OVEN: Preheat oven to 300 °F (148° C). Grease very well a standard 12-cup muffin tin with cooking spray and reserve. Meanwhile, blend whole eggs or only whites with cheese, cream cheese, and seasonings in the blender until frothy.
Pour mixture into the greased muffin tin and place your add-ins such as cooked bacon bites and spinach, or roasted red pepper and basil.
Place muffin tin into a large roasting pan with boiling water coming halfway up. Bake the whole egg mixture for about 30 minutes but the egg white mixture for about 20-25 minutes. They are ready when egg bites are just set and have a custard-like texture.
Let pan cool on a rack for 3 minutes, run a knife around the edges to loosen them, and gently remove bites. You may use a spoon or invert them over a platter. Don’t wait much longer than 3 minutes or they may become difficult to remove. Serve while hot.

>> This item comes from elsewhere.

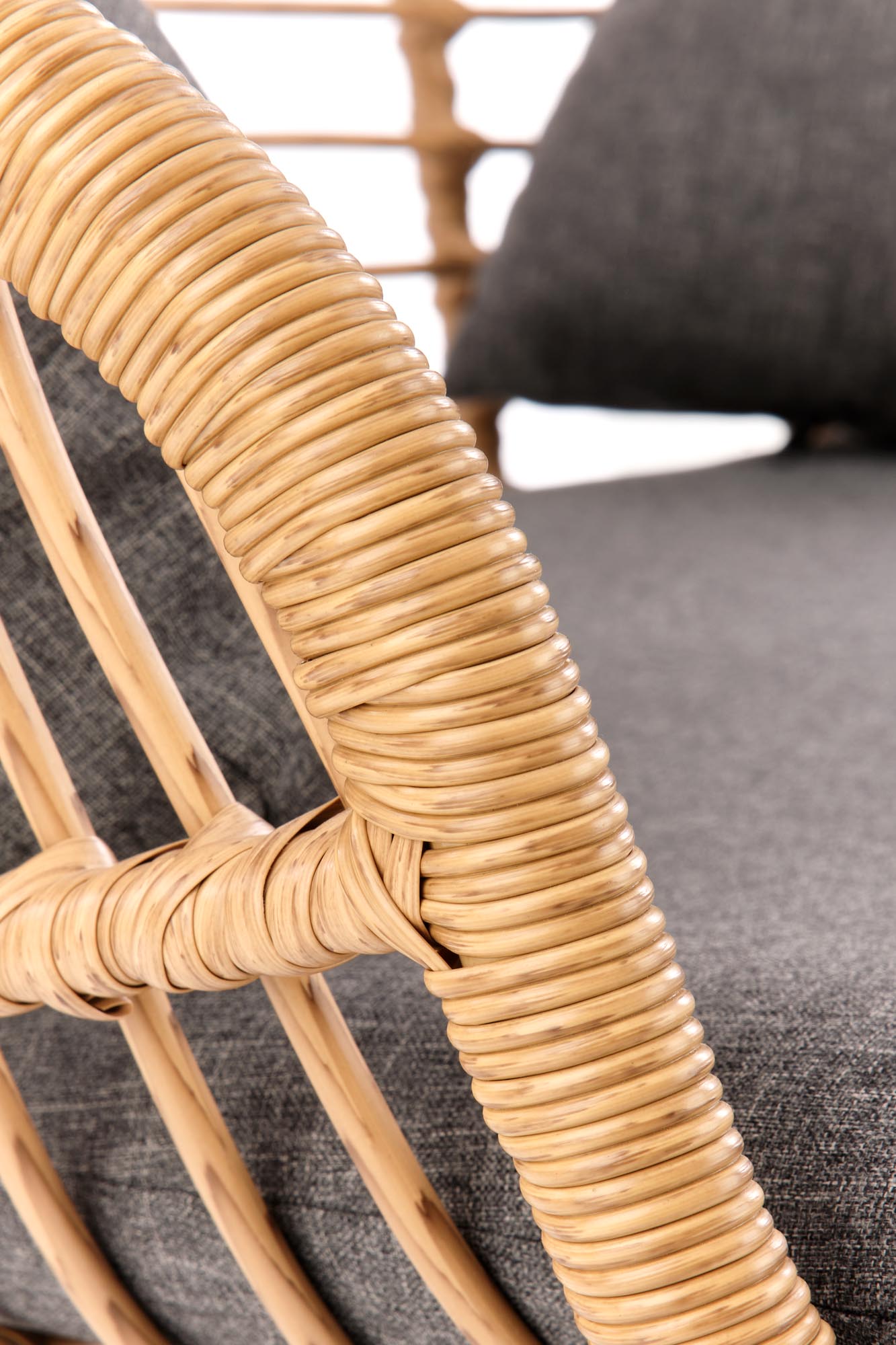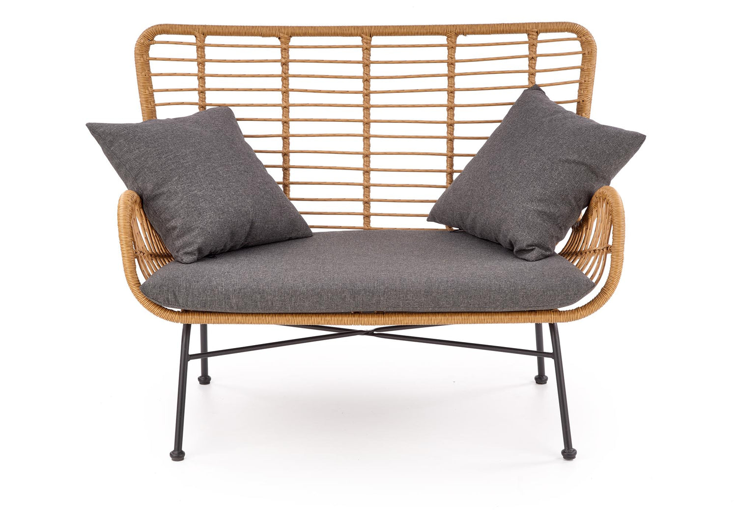 dimensions: 96/120/70/45 cm, material: synthetic rattan / cloth / powder coated steel, color: natural / grey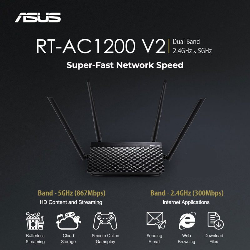 📍 Bộ phát wifi ASUS RT-AC1200-V2 - Bộ định tuyến router băng tần kép AC1200 chức năng Kiểm soát phụ huynh📌 Router ASUS Chuẩn AC1200 RT-AC1200-V2

PRESSURE COOKER/INSTANT POT SOUS VIDE: Set up your Instant Pot or pressure cooker by pouring 1 cup of water inside the bowl and then place the rack/trivet. Next, put the silicone mold filled with the egg bites batter on top. Make sure to cover the mold with aluminum foil, lock the lid, and turn the valve.
Press the STEAM or SOUS VIDE function for 10 minutes. It may take about 5 minutes or so for the pressure to build up and the function to start working. After the 10 minutes are up, let the pressure release naturally for 10 minutes before removing the egg bites.
If you are using this method to cook our egg bites, it will take about 30 minutes from start to finish for this recipe (5 minutes prep, 5 minutes to build pressure, 10 minutes to cook, and 10 minutes to release natural pressure).